Running an open-source model locally is neat. I played with that a lot in the Minisforum MS-S1 Max with AMD AI Max+ 395 review. For one-shots, studying, playing with local inference, it’s fun. For Agile Vibe Coding all day, every day, it is still not practical. Latency, context, quality, setup maintenance, VRAM, all of it collects tax.

Running multiple LLMs in parallel is not practical either, the whole “planner + executor + reviewer + judge” routine. I tested that in “LLM Benchmarks: Is It Worth Mixing 2 Models?”. The idea looks nice on paper. In practice, it increases cost, latency, error surface, and the gain does not pay for the complexity.

The secret is not having a bunch of agents. Forget OpenClaw or Pi for day-to-day programming. The secret is engineering process. XP. Tests. Clean Code for AI Agents. CI. Pair programming. Constant refactoring. Small code. Automated deploy. Fast feedback.

Tools help. Engineering wins.

ai-jail: autonomy with a fence

The first project I want to highlight is ai-jail. It is a sandbox wrapper to run AI agents with restricted system access. On Linux it uses bubblewrap (bwrap) and Landlock. On macOS it uses sandbox-exec. The idea is simple: the agent sees the environment it needs to work, but does not go rummaging through your whole system.

Do I use it every day? Yes. Do I use it always? No.

When I know I am not doing anything risky, I open claude or codex directly. If I am touching a simple project, just running tests, editing markdown, refactoring local stuff, often I do not bother. In more than 600 hours of intense Agile Vibe Coding, more than half a million lines of code and documentation, I never had one of those folklore cases of an LLM destroying my host system in some unrecoverable way.

And look, I explicitly used agents to configure my Omarchy. ZSH, Hyprland, Waybar, terminal configs, login scripts, all of it. They never did anything I did not ask for.

Those stories of “the agent deleted my whole home by itself” make me raise an eyebrow.
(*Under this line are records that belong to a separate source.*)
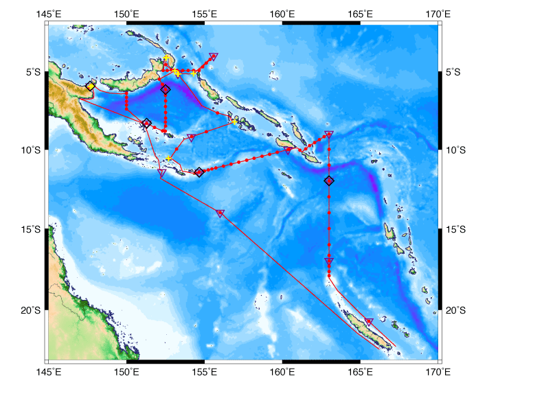 The Cruise Pandora took place in July-August 2012 in the Solomon Sea. It departed Noumea, New Caledonia, on June 28th and arrived Noumea on August 6th, with a call in Lae (PNG) on August 28th. Pandora is an interdisciplinary cruise allying physics and biogeochemistry; CTD-rosette; in situ pumps and mooring deployments. It occurred through collaborative agreements with PNG and Solomon Scientists and Met services.
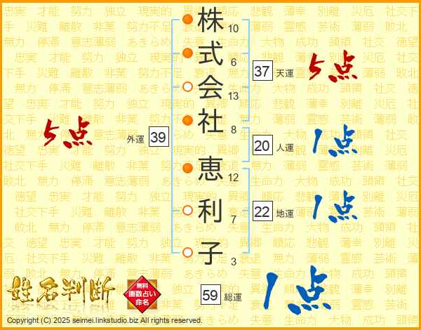 株(10画)式(6画)会(13画)社(8画)  恵(12画)利(7画)子(3画)
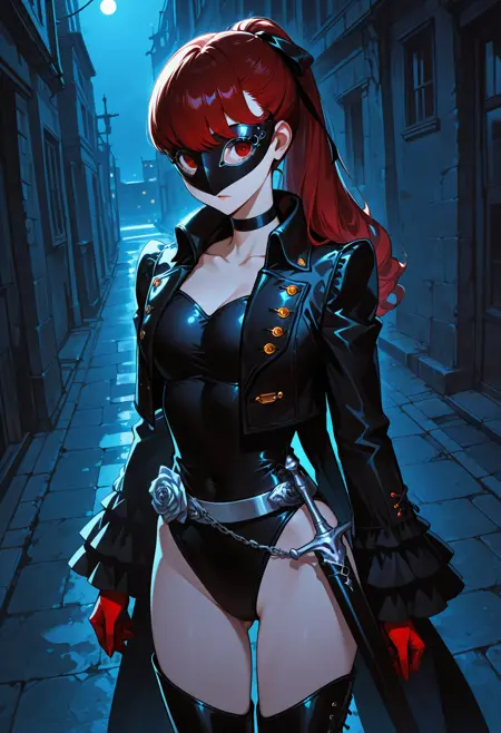 p5yoshizawa-violet, 긴 머리, 빨간 머리, 앞머리, 팻테일, 검은 머리 리본, 검은 초크, 검은 재킷, 열린 재킷, 코어테일, 검은 레오타드, 은색 벨트, 휘트, 은색 장미, 주름 Sleeve, 빨간 장갑, 검은 허벅지 부츠, 하이힐, 허벅지 긴 양말, 마스크,

In my experience, when you ask it to delete something dangerous, Claude and Codex ask for confirmation. You have to say yes. If you said yes without reading, that is not LLM black magic. That is user in zombie mode.

Nothing is guaranteed, of course. Hence ai-jail.
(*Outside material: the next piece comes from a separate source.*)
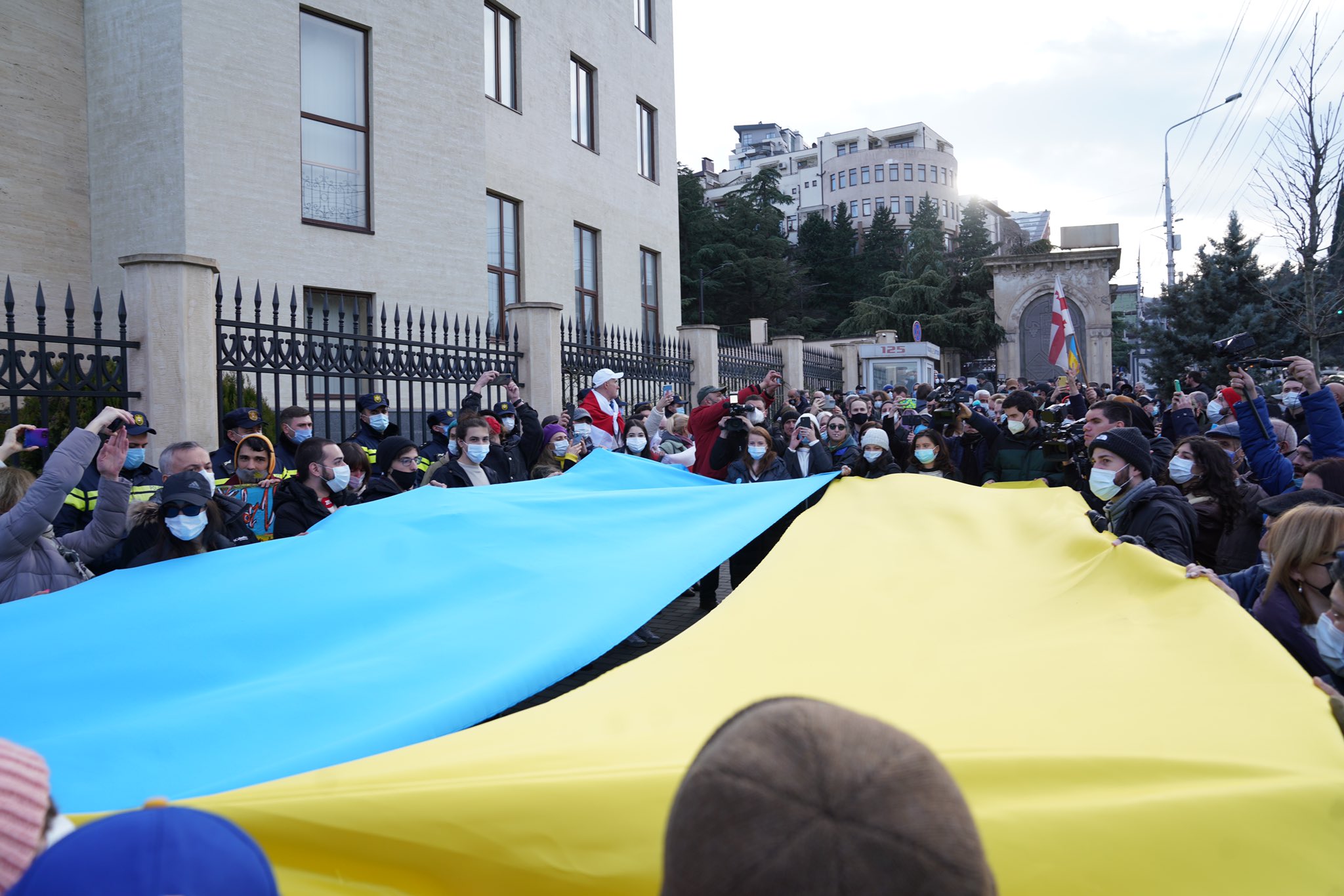 უკრაინის მხარდამჭერი აქცია თბილისში, უკრაინის საელჩოსთან 23 იანვარს გაიმართა. საელჩოსთან შეკრიბნენ საზოგადოებრივი ჯგუფები, პოლიტიკური პარტიების წარმომადგენლები, აქტივისტები. აქციის მონაწილეებმა ადგილზე უკრაინისა და საქართველოს ჰიმნები ააჟღერეს და ორივე ქვეყნის დროშები გაშალეს. წარმოადგინეს ბანერები წარწერით - ,,უკრაინა და საქართველო რუსეთის გარეშე”, ,,დიდება უკრაინას”, ,,არასდროს დავბრუნდებით საბჭოთა კავშირში”. ,,ეს არის სოლიდარობის აქცია ჩვენი ისტორიული მეგობრისა და სტრატეგიული პარტნიორის მიმართ, რომელიც იმავე გამოწვევების წინაშე დგას როგორშიც იდგა 2008 წელს საქართველო. როდესაც საქართველო-უკრაინის საკითხი ერთად წყდება საერთაშორისო დონეზე, ქართული ხელისუფლების დუმილი არის ანტისახელმწიფოებრივი და ეწინააღმდეგება საქართველოს მომავალ უსაფრთხოებას. ყველაფერი ეს ჯდება მხოლოდ რუსეთის ინტერესებში”, - განაცხადა სამოქალაქო აქტივისტმა ნიკა ფარულავამ. რადიო თავისუფლების ცნობით, აქციის მონაწილეებს სიტყვით მიმართა და ქართველი ხალხის მიმართ მადლიერება გამოხატა უკრაინის საელჩოს წარმომადგენელმა, ანდრეი კასიანოვმა. „რუსეთის სამხედრო აგრესიის პირობებში დღეს მნიშვნელოვანია თითოეული უკრაინელის, თითოეული ქართველის, უკრაინის თითოეული მხარდამჭერის ხმა. ძვირფასო ქართველებო, უკრაინა განსაკუთრებით მადლიერია ქართველი ხალხის, თქვენი სოლიდარობისთვის. დღეს თქვენი მოსვლა და ყოფნა აქ [უკრაინის საელჩოსთან] დემონსტრირებაა ქართველი ხალხის შეუქცევადი ერთგულებისა უკრაინელი ხალხის მისამართით... საქართველოს გაუმარჯოს! უკრაინას გაუმარჯოს!“, - აღნიშნა კასიანოვმა. 21 იანვარს, მოძრაობა „სირცხვილიამ“ ღია წერილით მიმართა საქართველოში უკრაინის ელჩსა და საელჩოს თანამშრომლებს. წერილში აღნიშნული იყო, რომ უკრაინა და საქართველო ერთად დგანან თავიანთი მშვიდობის, უსაფრთხოების, დემოკრატიისა და ევროატლანტიკური მომავლისთვის. აქციის მონაწილეები აღნიშნავდნენ, რომ საქართველოს ხელისუფლება არასაკმარის მხარდაჭერას გამოხატავს სტრატეგიული პარტნიორი ქვეყნის, უკრაინის მისამართით, რომელიც ახლა რუსეთის მხრიდან მორიგი სამხედრო თავდასხმის რეალური საფრთხის წინაშე დგას. აქციის მონაწილეებმა გაიხსენეს 2008 წელი, როდესაც „უკრაინის მაშინდელი პრეზიდენტი, ვიქტორ იუშჩენკო, ევროკავშირის რამდენიმე ქვეყნის ლიდერებთან ერთად, თბილისში სოცოცხლის რისკის ფასად ჩამოვიდა“. „უნდა ვაჩვენოთ მსოფლიოს, რომ, მიუხედავად ჩვენთვის არალეგიტიმური ხელისუფლების ასე მოქცევისა,

My favorite use is combining ai-jail with the harness’ no-brakes mode:

ai-jail claude --dangerously-allow-permissions
ai-jail codex --dangerously-bypass-approvals-and-sandbox

It sounds contradictory, but it makes sense. I remove the confirmation friction inside the agent, but put a fence at the operating-system level. The agent can work fast inside the project, but the host filesystem is essentially read-only. The current directory is read-write. Whatever I explicitly map with --rw-map is also read-write. The rest is not to be touched.
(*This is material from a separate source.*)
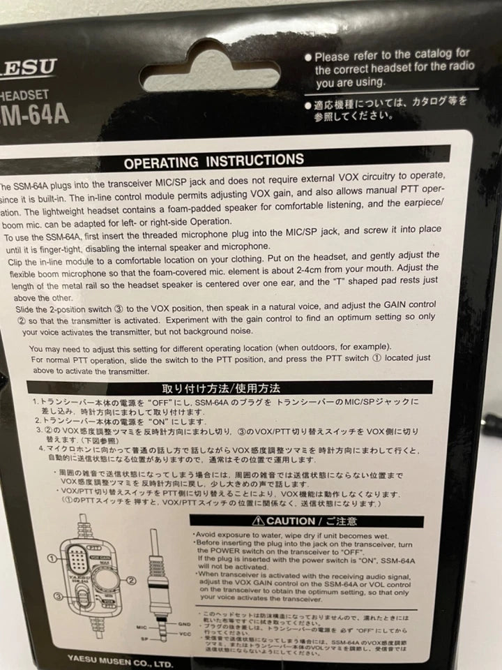 Yaesu SSM-64A Auricular tipo cintillo liviano VOX para Yaesu VX-6R para Standard Horizon HX-890 HX-40 HX-210 HX-320 HX-380 HX-400 Precio + iva
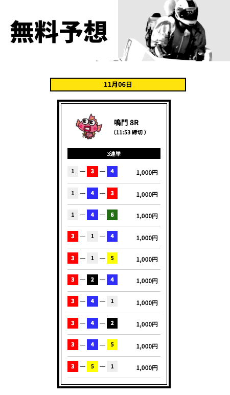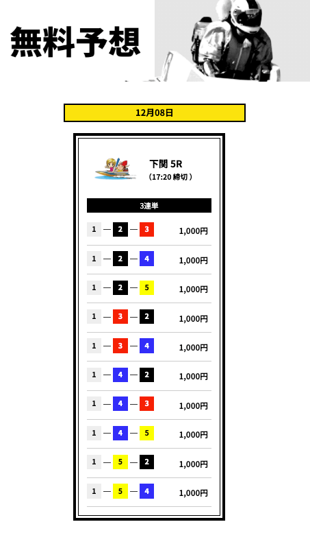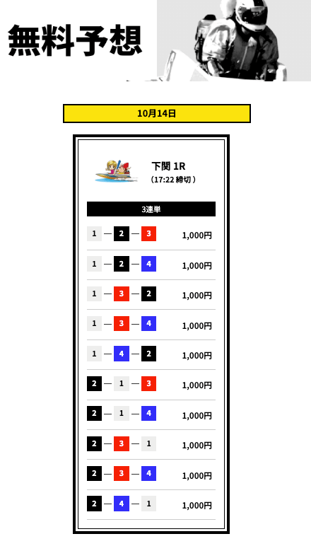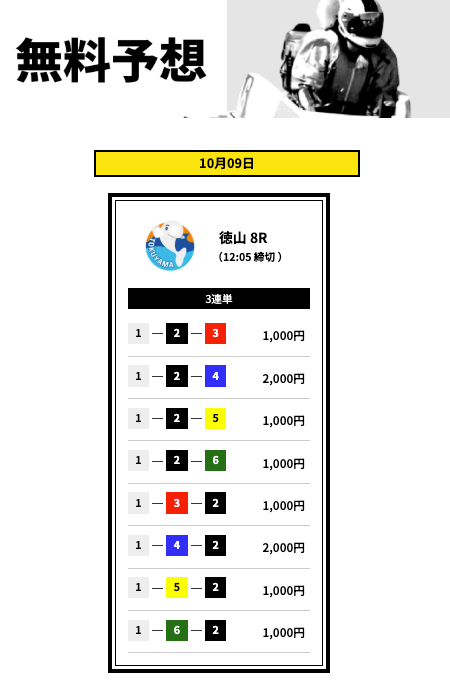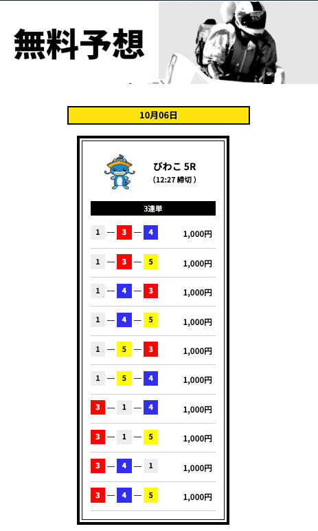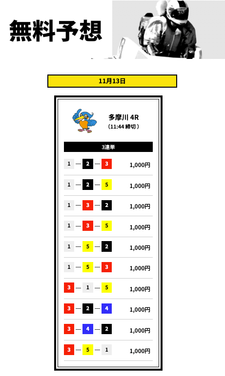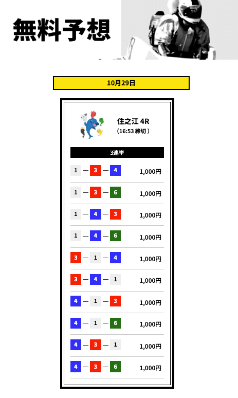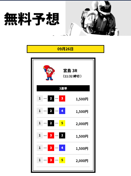 - 登録特典で有料予想に3回も参加できない

The ai-jail README sums it up well: it is a sandbox wrapper for agents like Claude Code, GPT Codex, OpenCode, and Crush. On the first run it creates a .ai-jail in the project, which can be committed. It supports --dry-run to see mounts before executing, --lockdown for a stricter mode, --private-home to hide real dotfiles, --mask .env to hide sensitive files inside the project itself, and isolated browser profiles for Chromium/Firefox.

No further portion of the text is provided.